Exercise input.
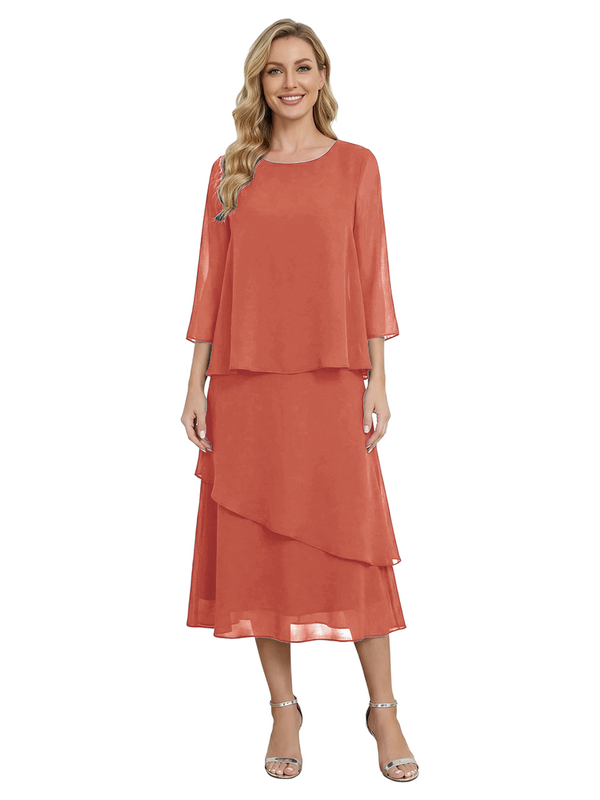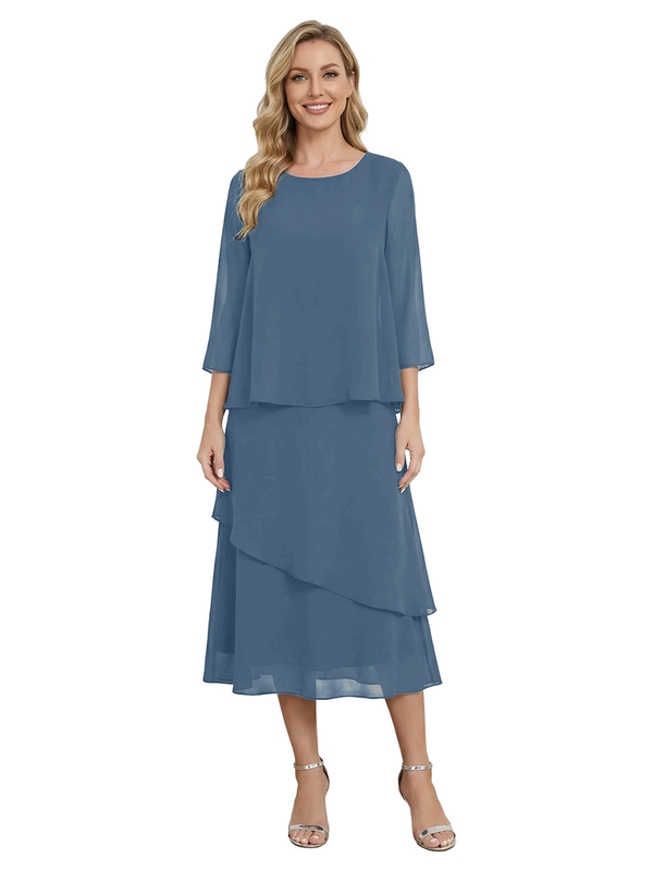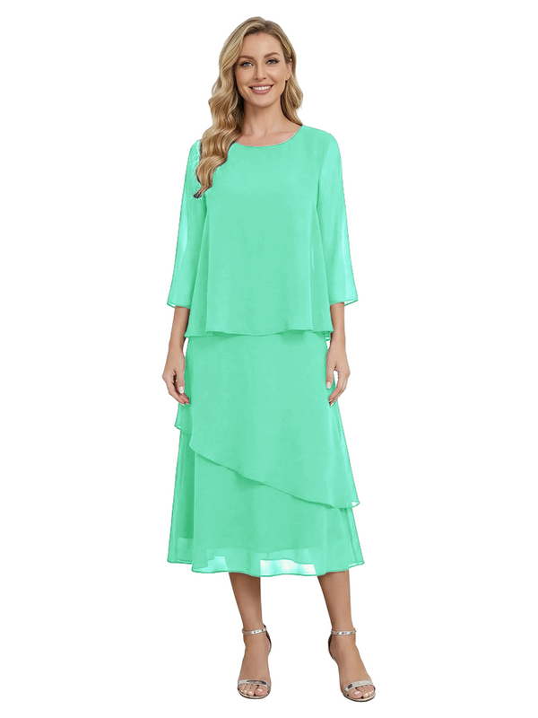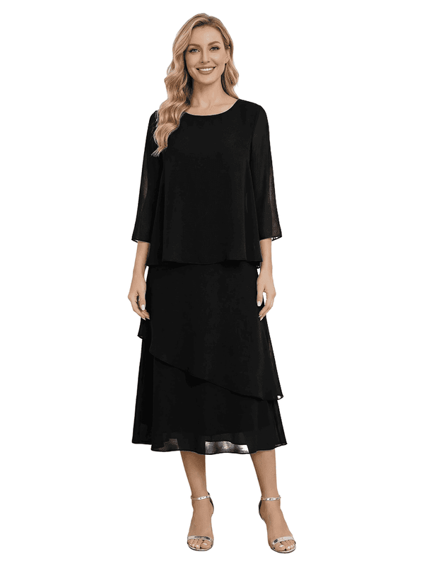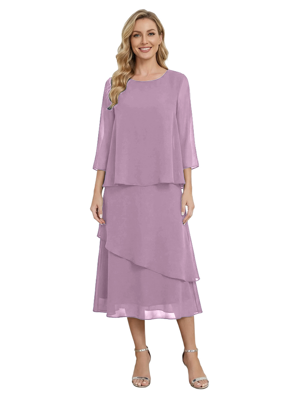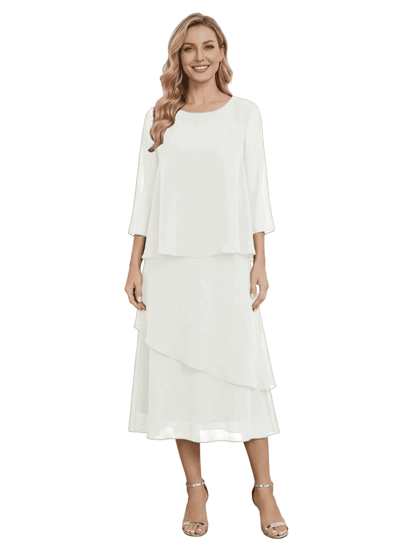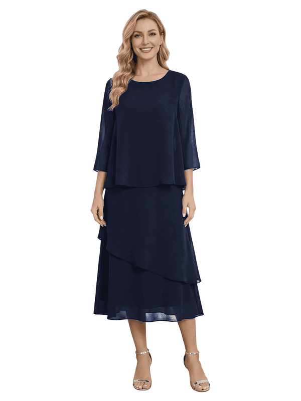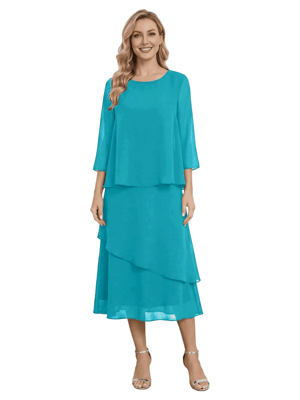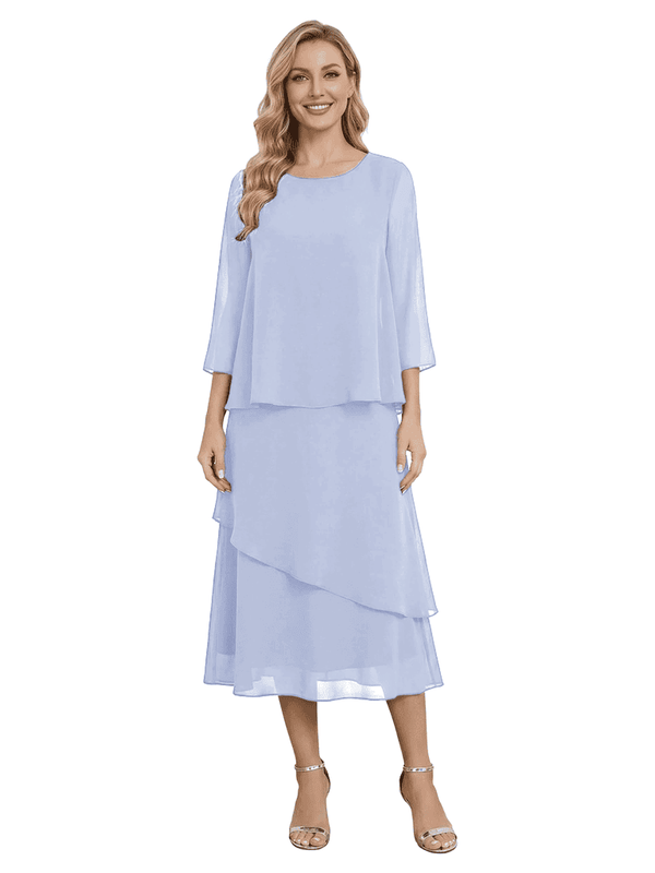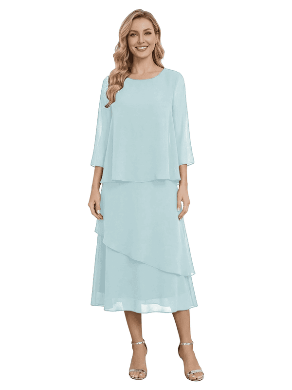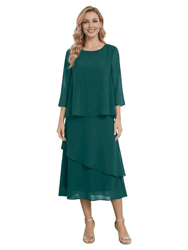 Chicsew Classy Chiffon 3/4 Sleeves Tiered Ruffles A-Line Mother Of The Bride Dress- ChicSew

...

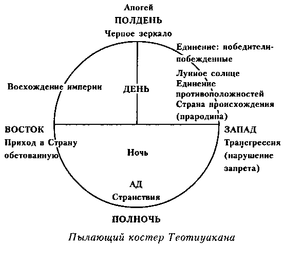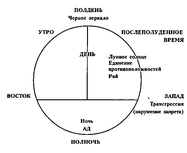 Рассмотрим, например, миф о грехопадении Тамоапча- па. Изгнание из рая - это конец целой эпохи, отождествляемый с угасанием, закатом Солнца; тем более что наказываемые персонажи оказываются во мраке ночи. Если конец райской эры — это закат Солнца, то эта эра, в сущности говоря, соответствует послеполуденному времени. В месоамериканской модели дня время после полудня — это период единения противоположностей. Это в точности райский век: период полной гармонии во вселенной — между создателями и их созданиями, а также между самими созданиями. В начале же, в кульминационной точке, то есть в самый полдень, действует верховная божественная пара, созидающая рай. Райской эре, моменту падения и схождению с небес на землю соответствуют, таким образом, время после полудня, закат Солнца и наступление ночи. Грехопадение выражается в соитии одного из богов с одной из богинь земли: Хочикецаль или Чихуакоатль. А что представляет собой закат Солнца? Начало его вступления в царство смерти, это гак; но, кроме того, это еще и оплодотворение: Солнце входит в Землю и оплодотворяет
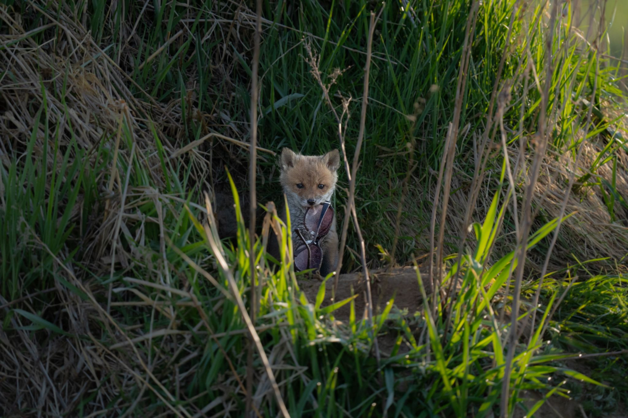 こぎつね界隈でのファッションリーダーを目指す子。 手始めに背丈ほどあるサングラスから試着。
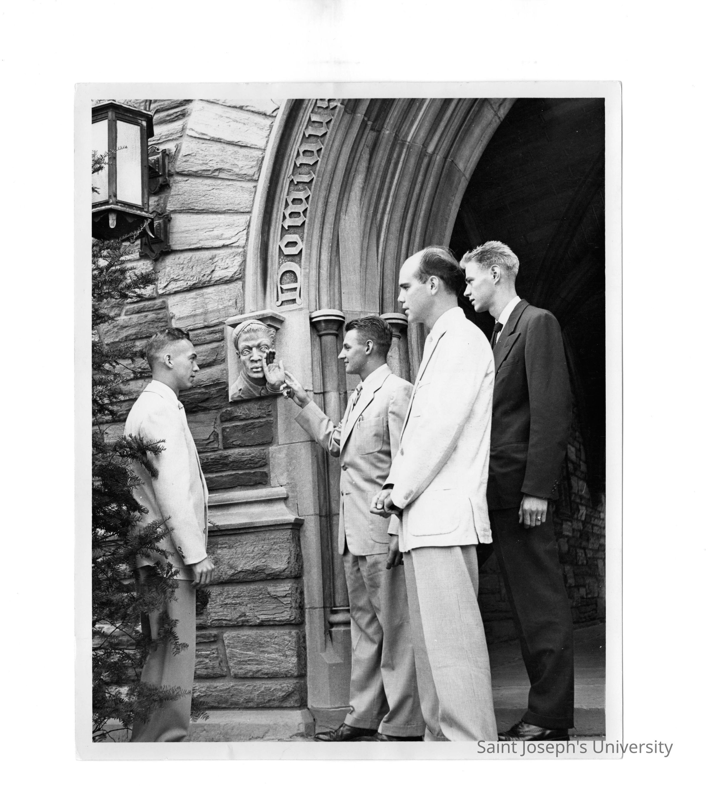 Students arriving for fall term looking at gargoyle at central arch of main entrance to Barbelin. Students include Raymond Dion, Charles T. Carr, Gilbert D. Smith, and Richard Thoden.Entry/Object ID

--

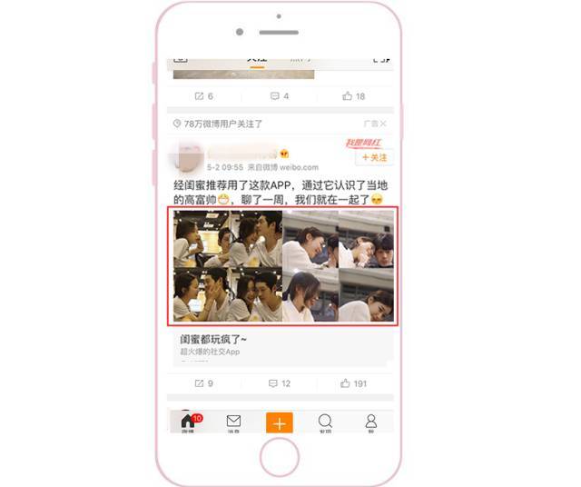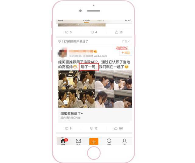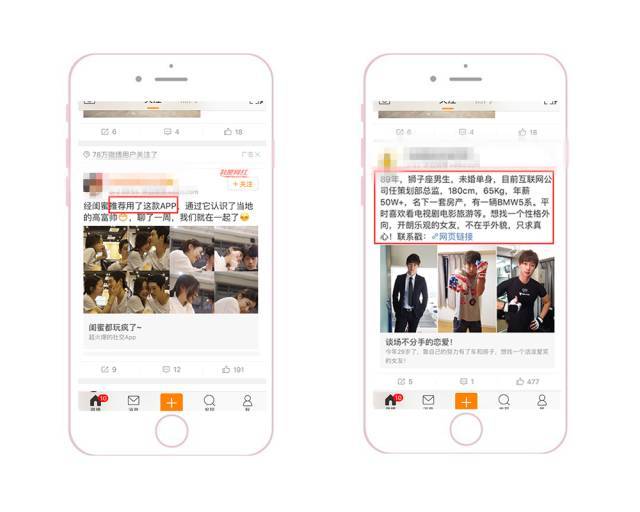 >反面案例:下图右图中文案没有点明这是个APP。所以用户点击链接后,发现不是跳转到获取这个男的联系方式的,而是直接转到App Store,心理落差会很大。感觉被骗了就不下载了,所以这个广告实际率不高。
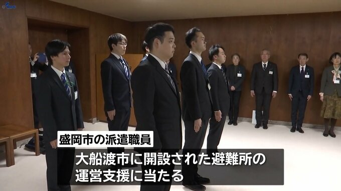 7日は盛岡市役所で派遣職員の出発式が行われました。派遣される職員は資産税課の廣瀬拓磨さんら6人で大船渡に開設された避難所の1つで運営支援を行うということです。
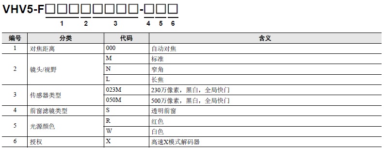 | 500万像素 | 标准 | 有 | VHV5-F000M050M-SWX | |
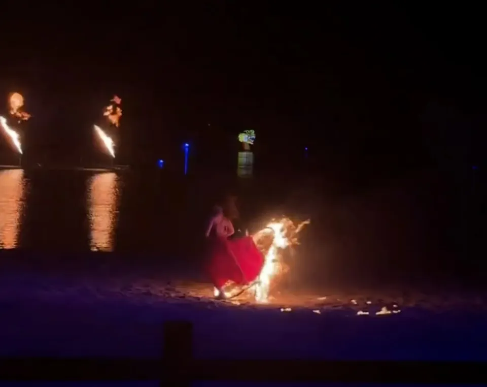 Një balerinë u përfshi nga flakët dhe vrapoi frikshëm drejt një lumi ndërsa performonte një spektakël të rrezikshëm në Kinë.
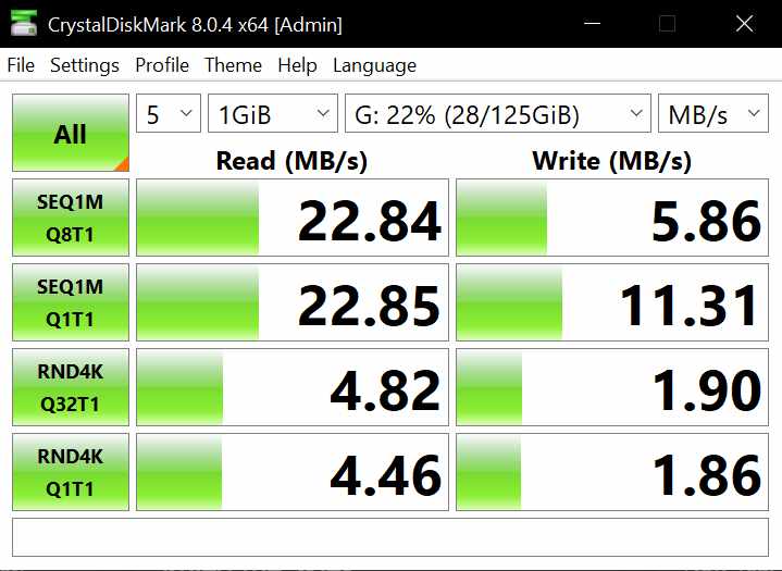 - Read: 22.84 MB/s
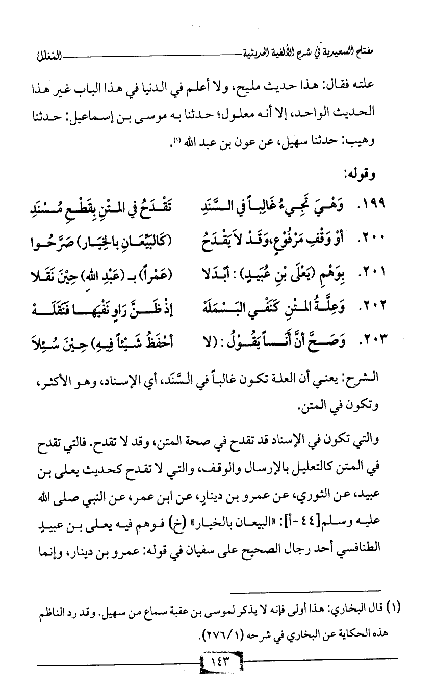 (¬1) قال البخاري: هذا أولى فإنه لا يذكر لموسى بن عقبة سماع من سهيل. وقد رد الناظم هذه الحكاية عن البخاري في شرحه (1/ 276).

Work request. Look above for the line with "7日は盛岡市役所で派遣職員の" and copy exactly from it through the line with "(¬1) قال البخاري: هذا", both included. Omit the pictures.

Answer to this problem.
 7日は盛岡市役所で派遣職員の出発式が行われました。派遣される職員は資産税課の廣瀬拓磨さんら6人で大船渡に開設された避難所の1つで運営支援を行うということです。
 | 500万像素 | 标准 | 有 | VHV5-F000M050M-SWX | |
 Një balerinë u përfshi nga flakët dhe vrapoi frikshëm drejt një lumi ndërsa performonte një spektakël të rrezikshëm në Kinë.
 - Read: 22.84 MB/s
 (¬1) قال البخاري: هذا أولى فإنه لا يذكر لموسى بن عقبة سماع من سهيل. وقد رد الناظم هذه الحكاية عن البخاري في شرحه (1/ 276).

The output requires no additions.